The Real Reason Oscar Wilde Went Broke

Irish writer Oscar Wilde changed the world. A member of the aesthetic movement that championed art for art's sake, he was known for his witty, baroque style in life as well as his novel "The Picture of Dorian Gray" and plays "The Importance of Being Earnest" and "Lady Windemere's Fan." Per Britannica, Wilde was born in 1854 in Dublin, Ireland, to literary parents. He studied at Trinity College and Magdalen College, Oxford where he established himself as a classical studies scholar and poet, winning the prestigious Newdigate Prize for his poem "Ravenna." As aestheticism took off with much controversy in 1880s London, Wilde became a celebrated member within the movement's social circles, self-publishing a book titled "Poems" and making his way to the United States and Canada to lecture, famously declaring nothing "but his genius" at customs in New York City. Wilde was often lampooned in the press for his flamboyant manners and style; Gilbert and Sullivan even based a character of a "fleshly poet" on Wilde in their comic opera, "Patience."

In 1884, Wilde married Constance Lloyd, and they soon had two sons — Vyvyan and Cyril. In 1891, Wilde's fame rose as he published his most well-known works, starting with his only novel, "The Picture of Dorian Gray," first serialized in Lippincott's Magazine in 1890 and expanded and published in book form in 1891.

Harrassment and persecution followed Oscar Wilde's success

Also in 1891, Oscar Wilde's first "society play", "Lady Windemere's Fan," premiered to great success. That year was also significant for Wilde because it was the one in which he met and began a romantic relationship with fellow writer Lord Alfred "Bosie" Douglas (shown above with Wilde), as reported by Biography. Sixteen years Wilde's junior, Douglas was the son of John Sholto Douglas, the Marquess of Queensberry, and known as a dandy with a decadent lifestyle. 

Further success came with the production of Wilde's "society plays," starting with "Lady Windemere's Fan" in 1892, "A Woman of No Importance" a year later, and 1895's "An Ideal Husband" and "The Importance of Being Earnest," per Britannica. In 1894, Douglas' father realized the nature of his son's relationship with Wilde and set out to destroy the writer. The Marquess insisted Douglas cut off contact with Wilde, and when Douglas ignored him, the Marquess became enraged. In this fury, he attempted to disrupt the premiere of "The Importance of Being Earnest" by presenting Wilde with a bouquet of rotting vegetables. When this failed, he visited Wilde's social club and left a card addressed "For Oscar Wilde, posing somdomite [sic]." Wilde responded by prosecuting the Marquess for libel. When he took the stand and was asked if the allegations were true, Wilde replied "There is no truth whatsoever in any of the allegations, no truth whatsoever." The Marquess was declared "not guilty" but Wilde was soon back in court, this time as a defendant. 

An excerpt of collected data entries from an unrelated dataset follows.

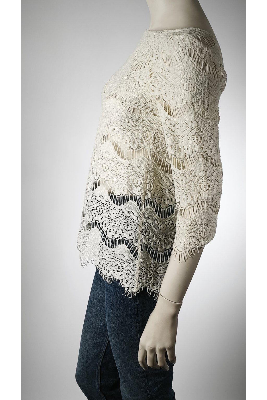 Táto krémová blúzka od ZARA je stelesnením elegancie s jemnými čipkovými vzormi, ktoré vytvárajú sofistikovaný vzhľad. Jemne povyťahované nitky dodávajú tomuto kúsku unikátny charakter, ktorý zaujme na prvý pohľad.
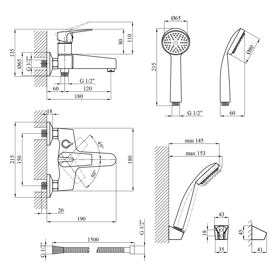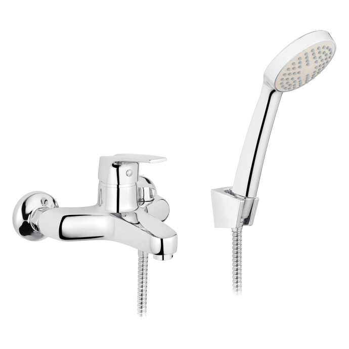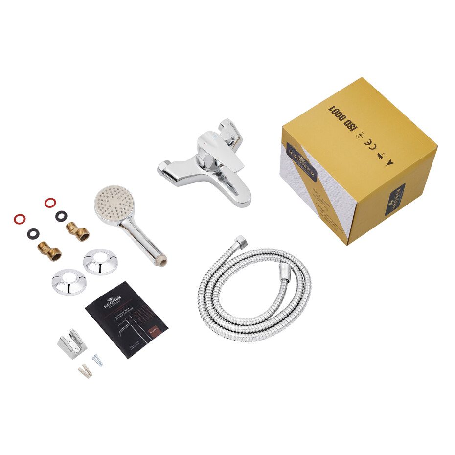 Комплектація: Змішувач, лійка для ручного душу, душовий шланг, кронштейн для ручного душу, кріплення, інструкція.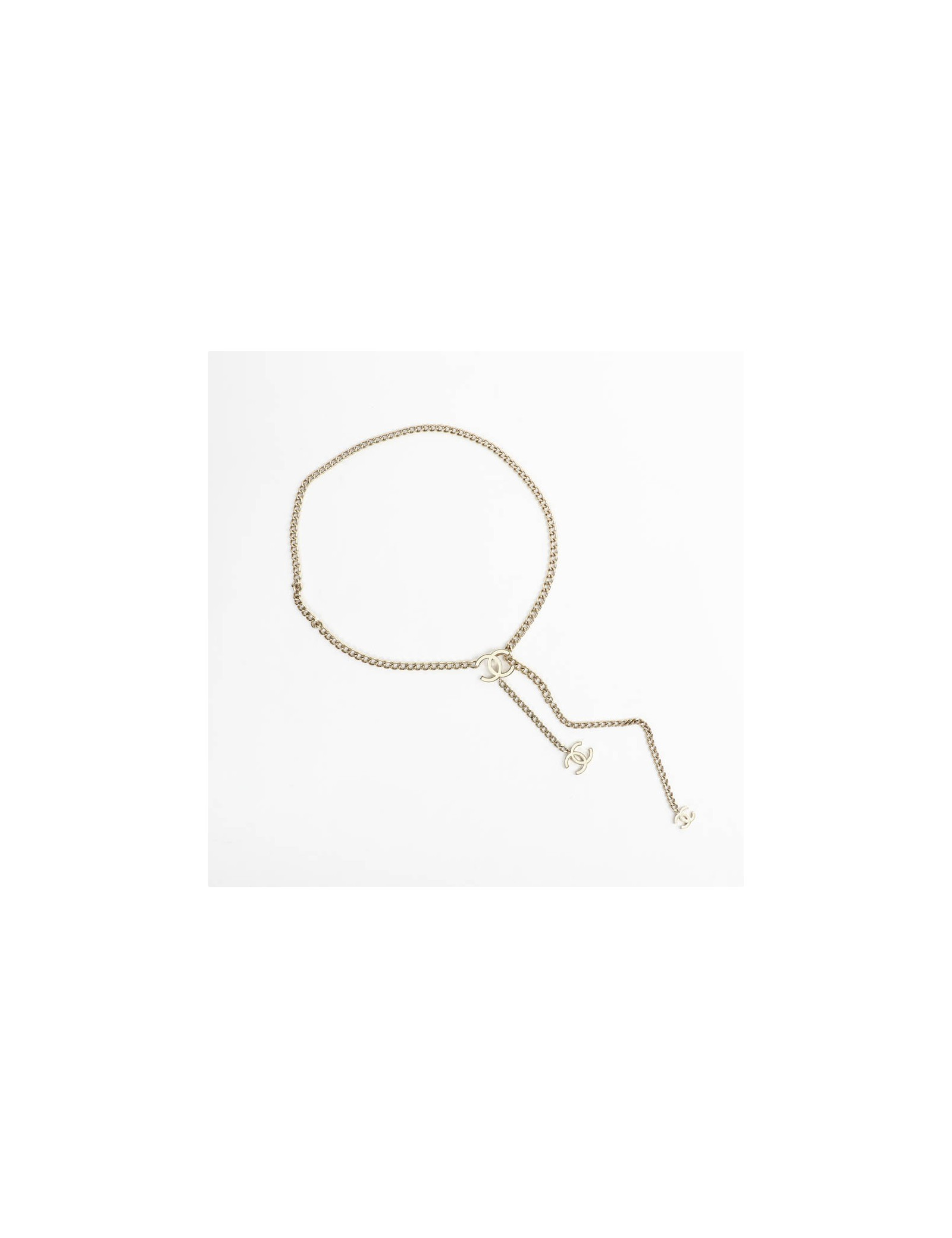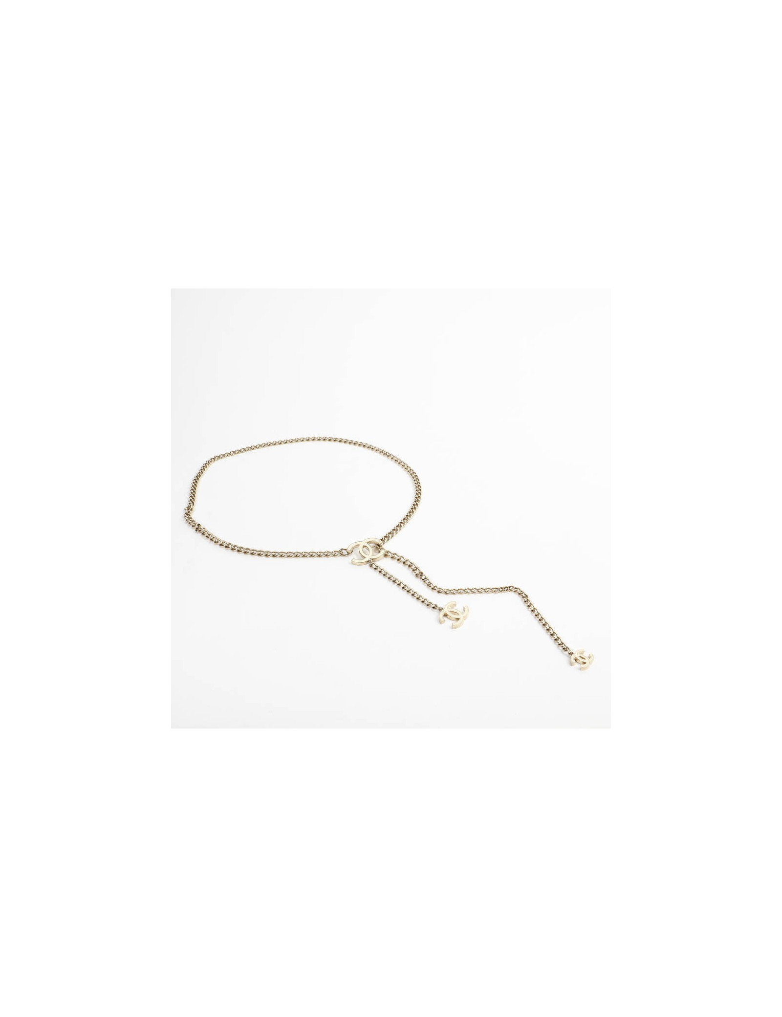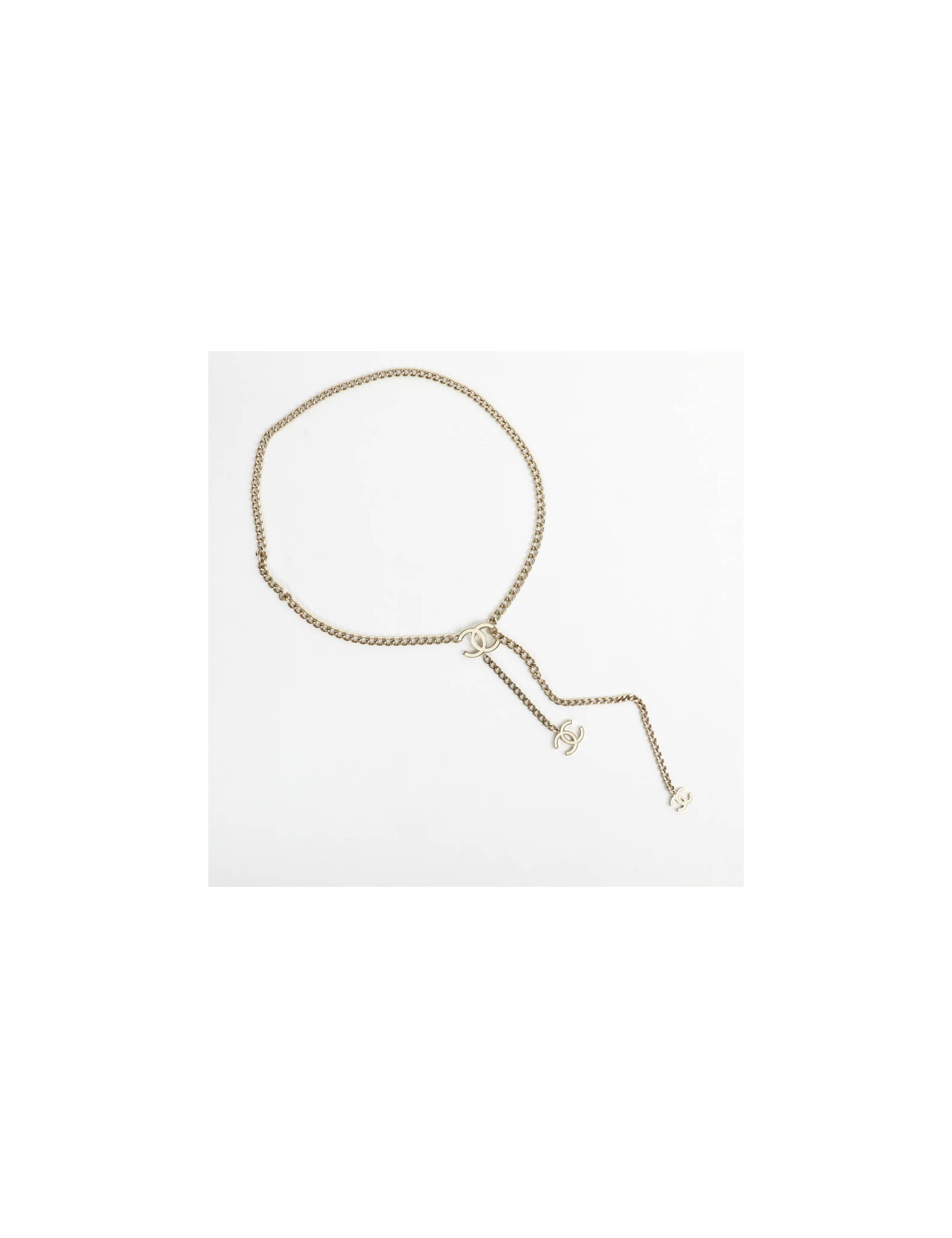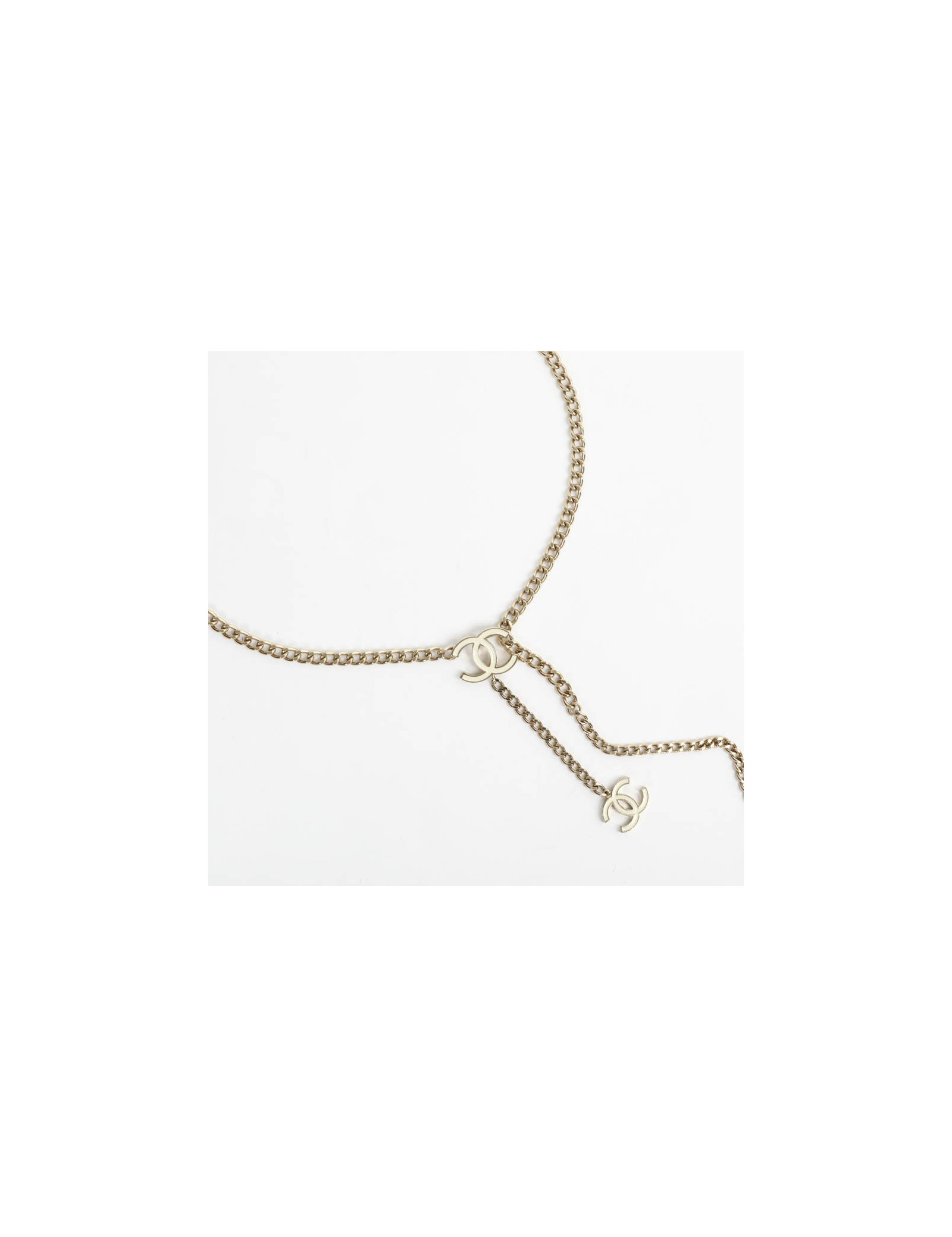Classique mais élégante, cette ceinture en chaîne dorée se porte aisément sur la taille d'une robe ou sur un pantalon. Elle est en très bon état. Le double C est émaillé blanc.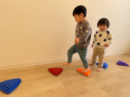 「あか!オレンジ!」と色を言いながらバランスストーンに乗って楽しむお友だち![]()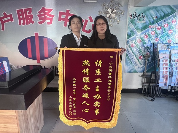 “你們對(duì)我母親太關(guān)心了太照顧了,真心感謝你們!”10月15日下午,御景華庭9號(hào)樓1單元102的業(yè)主郭女士手持著一面印著“情系業(yè)主辦實(shí)事,熱情服務(wù)暖人心”的錦旗,滿懷謝意的走進(jìn)了御景華庭物業(yè)服務(wù)中心。感謝物業(yè)人員平日里對(duì)家中母親的熱情服務(wù)和悉心照顧。
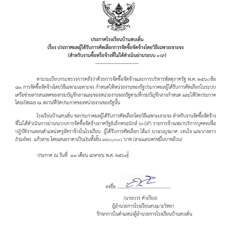 ประกาศผลผู้ได้รับการคัดเลือกการจัดซื้อจัดจ้างโดยวิธีเฉพาะเจาะจง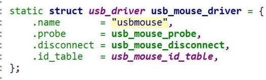我们需要注意的是,USB 驱动是可以热拔插的,再插入和拔掉设备的时候,肯定都需要对应的代码,如下图所示,可以看到 struct usb_driver usb_mouse_driver 中有定义usb_mouse_probe 和 usb_mouse_disconnect。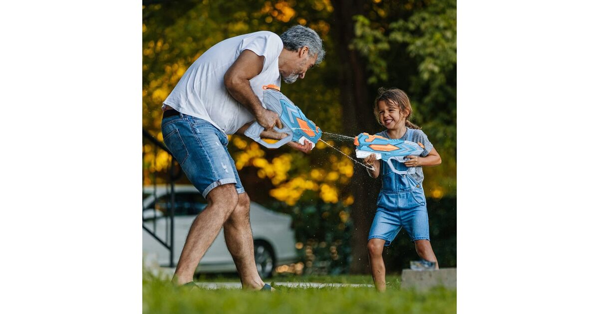 Zabierz swoje dzieci na plażę, basen lub na podwórko i cieszcie się dniem pełnym śmiechu i wodnych przygód. Ten pistolet na wodę jest idealny do gier rodzinnych lub z przyjaciółmi.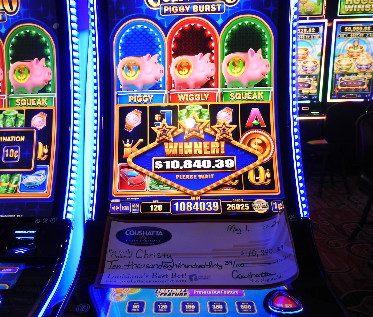 Congratulations to Christy--on May 1, 2024 this lucky guest hit the jackpot while playing the Coin Trio slot game and won $10,840!
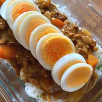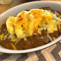 野菜がゴロゴロと入ったカレーをごはんにかけて、オーブントースターでこんがりと焼き上げました。香ばしいチーズとピリ辛のカレーがよく合います。ゆで卵がカレーの辛さを少し和らげてくれますよ。ぜひ作ってみてくださいね。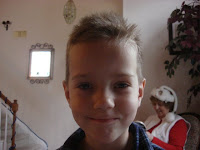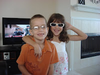 We took the kids to get their eyes checked before school started. I was concerned that Emma's strabismus (lazy eye) may cause her some issues. Well...her eyesight is fine...Lucas...not so much. He is farsighted (like me...go figure) and he has to wear glasses. I had to wear glasses starting when I was four and ended when I rebelliously refused to wear them at age twelve. He looks so cute in them...but I am also sad because I know how difficult it can be on a kid. He seems to like them and doesn't mind wearing them...so I'm happy about that.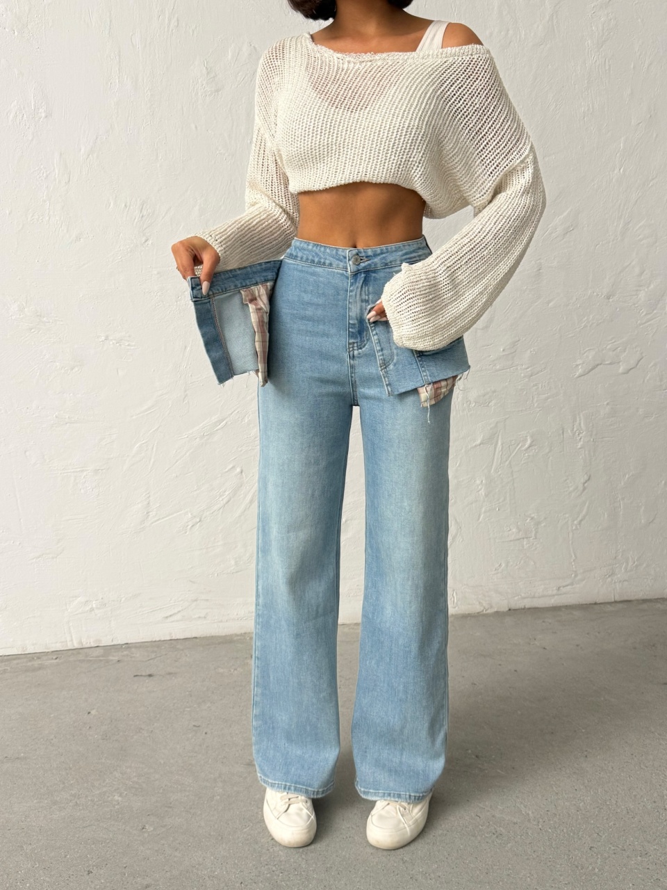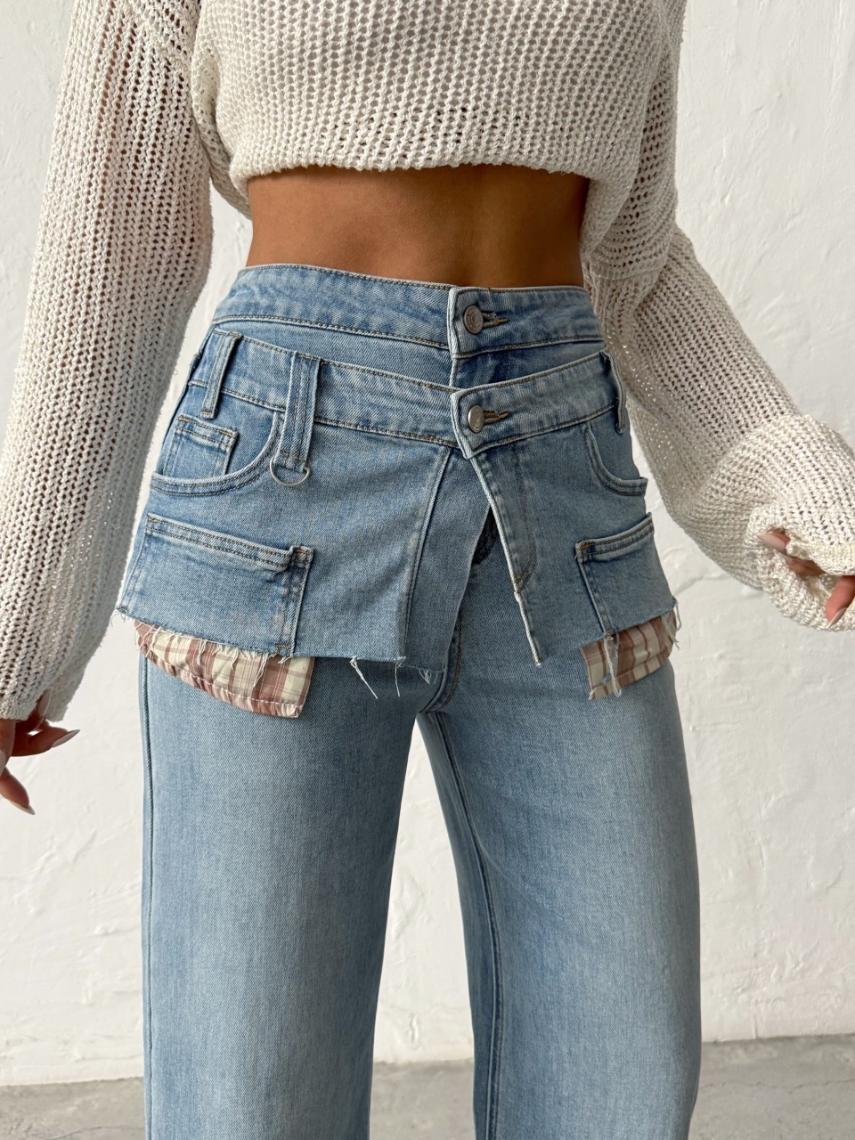 Blugi wide leg cu accesoriu tip fusta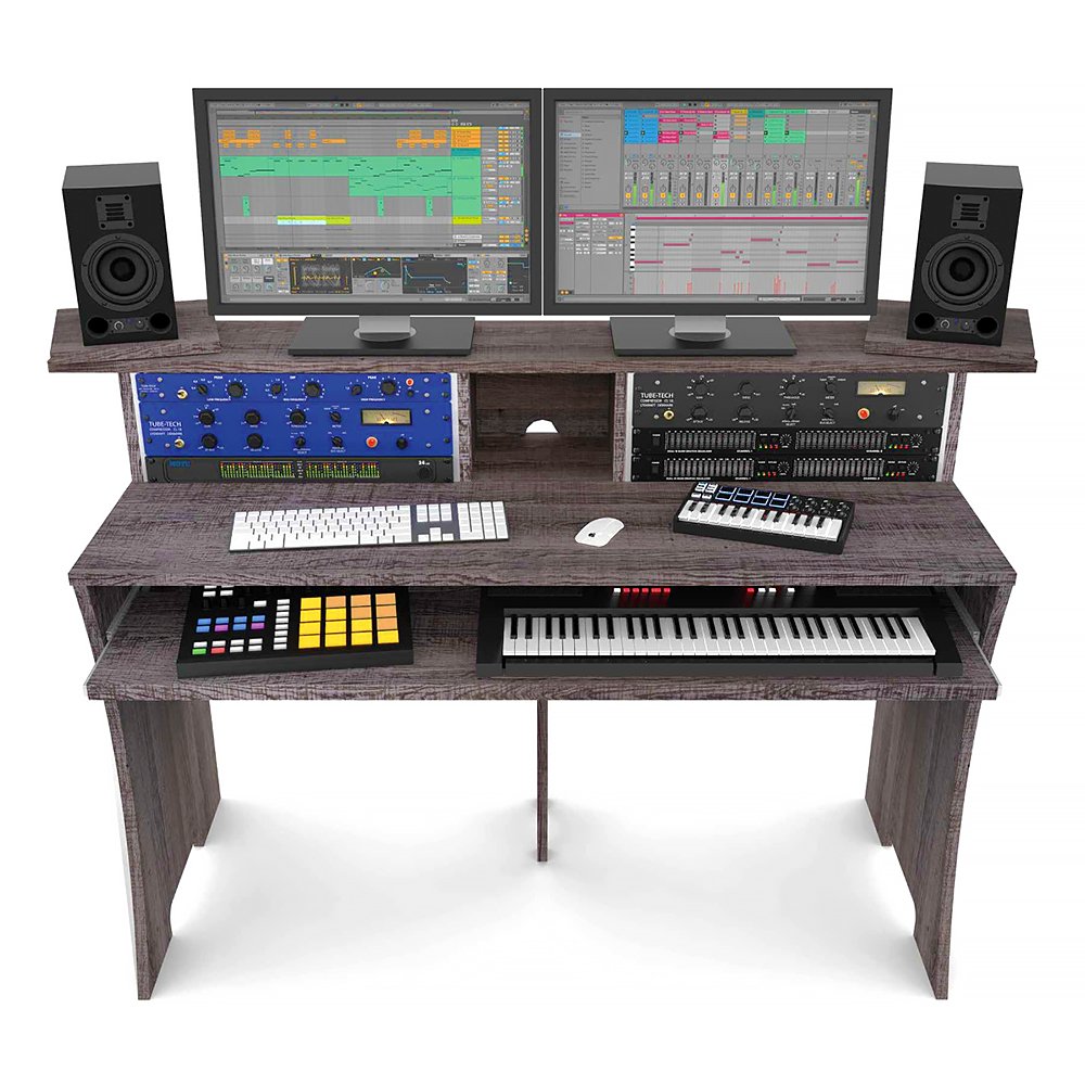 The new working console for home and studio projects by the creative Glorious hotbed comes with a clearly arranged design and is available in three colour variants. The Glorious manufacturers have worked flat out thus creating a working station that is equally intended for producers, studio engineers and hobby musicians. The construction is extremely robust, assembly can be carried out in no time and the classy piece of furniture offers space for important objects from the producing daily routine. Whether amplifier, studio mixer, microphone, keyboard, headphones or other equipment: Everything can be stored ergonomically and it all remains in reach. The pull-out drawer is very convenient for placing a master keyboard on top. When no longer required the drawer can easily and comfortably be pushed back thus facilitating a comfortable workflow for PC keyboard and equipment. Elaborate cavities for cable guide are self-evident and there is also enough space for DVDs, books or accessories. On the elevated second level it is possible to smoothly place large TFT displays. On the left and right side of this monitor space you can find two designated trays for studio monitor speakers. The chief attraction is that these trays are revolvable. This way it is possible to find the perfect position for the speakers. Glorious Workbench: Easily assembled, conveniently stored, well produced.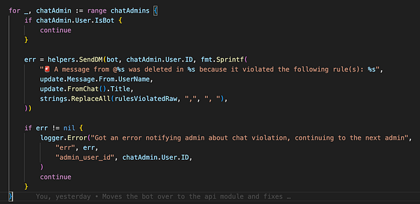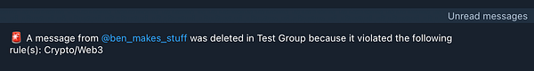 @jasonleowsg let me know that the alert messages that Watchdog sent inside the group chat were too much, so I switched Watchdog to send alerts in a private DM to admins instead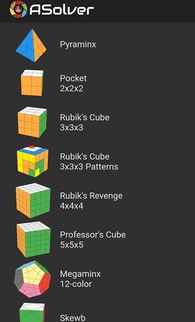 用相机扫描您的谜题,ASolver将引导您在几分钟内解决您的谜题!对于2x2x2,2x2x3,2x3x3,Skewb和Pyraminx,它能以最少的步数找到解决方案。

From the prosecutor to the prosecuted

During the Marquess of Queensberry's trial, his lawyer forwarded statements from young men who were to appear as witnesses to the director of public prosecutions. The day after the Marquess was declared not guilty, Oscar Wilde was arrested on charges of sodomy and gross indecency, as reported by Biography. Homosexuality between men was criminalized in Great Britain in 1885 and remained so until 1967, per the GLBTQ Encyclopedia. Wilde's criminal trial began on April 26, 1895; Wilde and Alfred Taylor, who was accused of procuring men for Wilde, faced 25 counts of gross indecencies. Several men testified that they'd had sex with Wilde, and most expressed regret. Wilde continued to plead not guilty and was released on bail after a jury couldn't agree on a verdict. 

A third trial began three weeks later, with the British government pushing for a verdict. This time, the jury found Wilde guilty on most counts against him. He and Taylor were sentenced to the maximum sentence — two years hard labor. Wilde's wife changed her and their sons' last names and moved to Holland to distance herself from the scandal. When Wilde got out of prison two years later, he was exhausted and bankrupt. He moved to France and wrote very little until his death from meningitis in 1900 at the age of 46.